Reducing the government’s real property portfolio: Meeting the moment

Despite all the alignment on the requirement for action, the government still struggles to effectuate the changes everyone agrees are so desperately needed.

The hybrid and remote work paradigms spawned by COVID, coupled with the severe downsizing of the federal workforce, are resulting in a surfeit of federal office space, both owned and leased. Add the aging of the federal inventory and the growing cost and impact of decades of deferred maintenance, and literally hundreds of government properties nationwide have the potential to be vacated and disposed of.

And yet, in the world of federal real estate, there persists the sense that despite all the alignment on the requirement for action, the government still struggles to effectuate the changes everyone agrees are so desperately needed. A brief survey of the landscape underscores the challenges the government faces as it continues its halting efforts to modernize and right-size its real property portfolio.

Arguably, the Office of Management and Budget’s Reduce the Footprint and Freeze the Footprint initiatives of 2012 and 2015, respectively, began the process of reining in government space requirements — and were quite successful at the agency level. But the lack of meaningful change in the size of the portfolio led to great congressional disenchantment, particularly with the General Services Administration’s real property disposal program.

That led to the Federal Assets Sale and Transfer Act of 2016, which expedited parts of the disposal process and established the Public Buildings Reform Board to facilitate the identification of properties for disposal. Following the COVID-19 pandemic, low levels of building utilization further spurred Congress to pass the USE IT Act in 2024, which required agencies to track their space utilization and gave GSA more authority to relocate agencies out of underutilized buildings.

Fast forward to today: There has been meaningful progress. Per USE IT and further direction from OMB, agencies are reporting their utilization data; agencies now are considering sharing space in each other’s buildings; GSA is accelerating the process of preparing buildings for disposal (if only by working on the many issues in parallel rather than sequentially); and GSA now is using commercial real estate brokers, not only to market major properties for disposal, but to actually conduct the sales as well. All of these steps make great sense and represent marked improvement over past practices.

It seems clear that the structural imbalance between the size of the government’s owned portfolio and the funding available to maintain it now is widely recognized, and the shift of agencies to smaller, leased spaces will continue in earnest. This long-in-the-making alignment between Congress and the administration should be a harbinger of a far overdue, and potentially more rapid, realignment of the federal real estate portfolio.

Unfortunately, the typical headwinds remain. For example, even in the best of times, federal real estate has struggled to gain the attention and focus needed to effect meaningful change. Administrative matters typically take a back seat to program and policy issues, and staffing and funding, both for GSA and the agencies, are more challenging than ever. Even if we expect, particularly at GSA, that contractors will begin performing more of the work, requiring only ”wet signatures” from contracting officers to execute relocation and disposal projects, the current staffing shortages threaten to further hinder these already difficult efforts.

Much hard-earned momentum has been built around the essential transformation of the federal real estate portfolio, and there are still opportunities to sustain it.
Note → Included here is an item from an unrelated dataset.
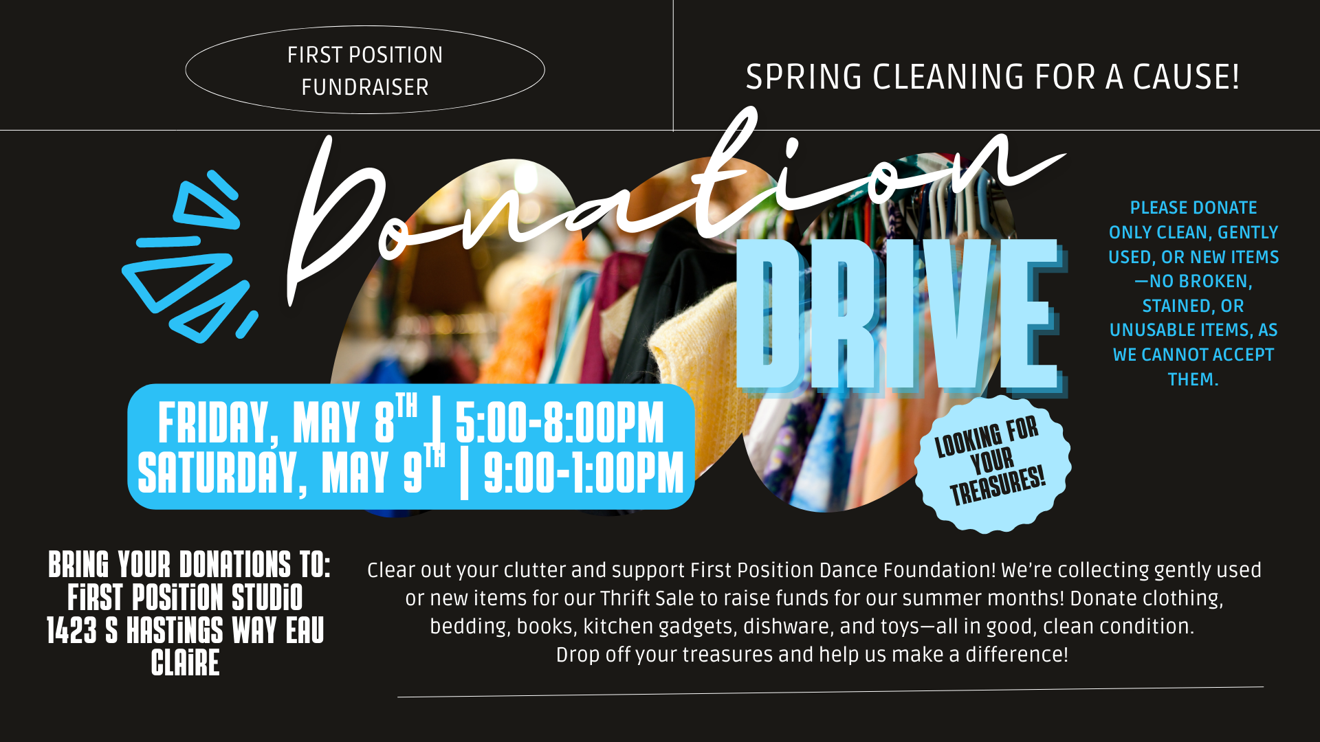 We’re so excited to host our upcoming donation drive in support of our annual thrift sale! This is a simple and impactful way for our community to come together, clear out gently used items, and help support the mission of our studio.

Ideally GSA, with support from OMB, would work aggressively with agencies to firm up strategic housing plans based on new staffing levels. Centralized funding, perhaps along the lines of a revolving fund paid back by agency rental payments, would enable agencies to conduct the GSA-directed relocations and consolidations necessary to adapt their real estate footprints to dynamic staffing demands.

This would allow for the release of older, inefficient buildings and the acquisition of newer, leased space as needed. With OMB’s focus and attention (and extensive contract support), GSA could greatly expand use of existing tools like its exchange authority, “administrator’s discretion,” ground leases, negotiated sales and more, to facilitate more private sector-like transactions to trim the portfolio more aggressively.

In this ideal world, GSA would also proactively expand its coordination with local governments, especially in Washington, D.C., to understand the likely future use and zoning of these now-surplus properties. That would enable GSA to address its statutory obligations for historic preservation and environmental mitigation from a “best value” standpoint. From there, GSA could then perform its due diligence to ensure that the sales maximize values while avoiding market saturation and other negative community impacts.

With top-down direction, focus and resources, the potential exists to finally get to a leaner and more productive portfolio for government agencies. Moreover, this promises better outcomes for the communities and better values for taxpayers.

 

Adam Bodner is a principal at ABodner Consulting and is vice president of the Federal Real Property Association. The views expressed are his own.